Hydromethylthionine mesylate (HMTM), an oral medication developed by TauRX, is under consideration for use by the UK’s National Health Service (NHS) as a potential treatment for Alzheimer’s disease. HMTM targets tau protein clumps in the brain, a key factor in the development of Alzheimer’s. If approved by both the Medicines and Healthcare products Regulatory Agency (MHRA) and the National Institute of Health and Care Excellence (NICE), it would represent a major breakthrough, the first new Alzheimer’s treatment available on the NHS in decades, particularly given the recent rejections of other Alzheimer’s drugs, lecanemab and donanemab, due to cost concerns. HMTM’s potential cost-effectiveness stems from its oral administration, eliminating the need for regular and expensive hospital visits required by intravenous treatments like lecanemab and donanemab. This convenient at-home administration could significantly reduce the overall burden on the healthcare system. Developed from methylene blue, a historic malaria treatment, HMTM represents a novel approach to tackling Alzheimer’s.

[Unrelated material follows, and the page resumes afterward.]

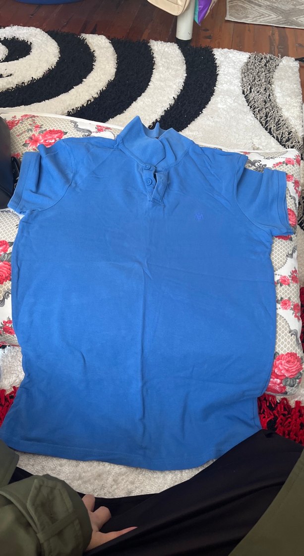 Koyu mavi renkli, kısa kollu, düğmeli polo tişört. Vücuda oturan kesimi ve normal boy uzunluğu ile günlük rahat sokak stili için uygundur. Small beden orijinal mavi markalı tişört

The potential approval of HMTM has generated considerable excitement within the medical community, with some experts hailing it as a significant advancement in Alzheimer’s care. Professor Alistair Burns, a leading figure in dementia care, emphasized the importance of this potential new treatment option after a long period without therapeutic advancements in the field. He highlighted the prospect of multiple new treatments, including HMTM, potentially becoming available, offering hope for slowing the progression of this devastating disease. Furthermore, early trial data suggests that HMTM has a favorable safety profile compared to other emerging Alzheimer’s treatments, with fewer reported side effects. This improved safety profile could make it a more accessible and tolerable option for a wider range of patients.

However, the path to approval is not without its obstacles. Significant controversy surrounds the drug’s efficacy, fueled by concerns about the lack of published, peer-reviewed data from clinical trials. Skepticism has been voiced regarding the strength of evidence supporting HMTM’s effectiveness, with some sources suggesting the data provided by TauRX is limited and focuses on superficial effects rather than substantial clinical outcomes. The company’s reported refusal to accept previous negative trial results further complicates the situation and adds to the existing doubts about the drug’s true potential. This combination of limited evidence and internal disagreements raises the possibility of HMTM becoming the third consecutive Alzheimer’s treatment rejected by the NHS.

Adding to the complexity of the situation, the results presented at the 2024 Alzheimer’s Disease International conference did not demonstrate an overall benefit of HMTM over placebo in terms of memory and cognitive decline. While the company attributed this to unexpected placebo effects, the findings underscore the need for further rigorous and transparent research. Although a small subset of participants with mild cognitive impairment showed some positive effects from HMTM, the lack of comprehensive peer-reviewed data makes it difficult for the wider scientific community to assess the drug’s true efficacy. Furthermore, the absence of brain bleeding or swelling, side effects associated with other treatments like donanemab and lecanemab, is a positive sign, but it doesn’t address the core question of whether HMTM genuinely slows disease progression.

The context of HMTM’s potential approval is further complicated by the recent developments surrounding other promising Alzheimer’s treatments. Donanemab, for instance, showed promising results in slowing cognitive decline and was initially hailed as a potential breakthrough. However, despite receiving approval from the MHRA for safety and efficacy, it was subsequently rejected by NICE for NHS use due to cost-effectiveness concerns. This decision, mirroring the earlier rejection of lecanemab, highlights the difficult balancing act between promising new treatments and the financial realities of healthcare provision. The high cost of these novel treatments, coupled with the uncertainty surrounding their long-term effectiveness, presents a significant challenge for healthcare systems.

While the diagnostic landscape for Alzheimer’s disease is also evolving, with advancements such as blood tests for early detection and brain network analysis for prediction, the search for effective treatments remains a critical priority. The ongoing research and development of new therapies, like HMTM, offer hope for the future. However, rigorous scientific scrutiny, transparent data sharing, and careful consideration of cost-effectiveness are crucial to ensure that any new treatment offered to patients is both safe and truly beneficial. The case of HMTM highlights the complex interplay between scientific promise, regulatory hurdles, and economic constraints in the ongoing quest for an effective Alzheimer’s treatment. The ultimate decision regarding HMTM’s approval will depend on a thorough evaluation of all available evidence and a careful balancing of potential benefits against risks and costs.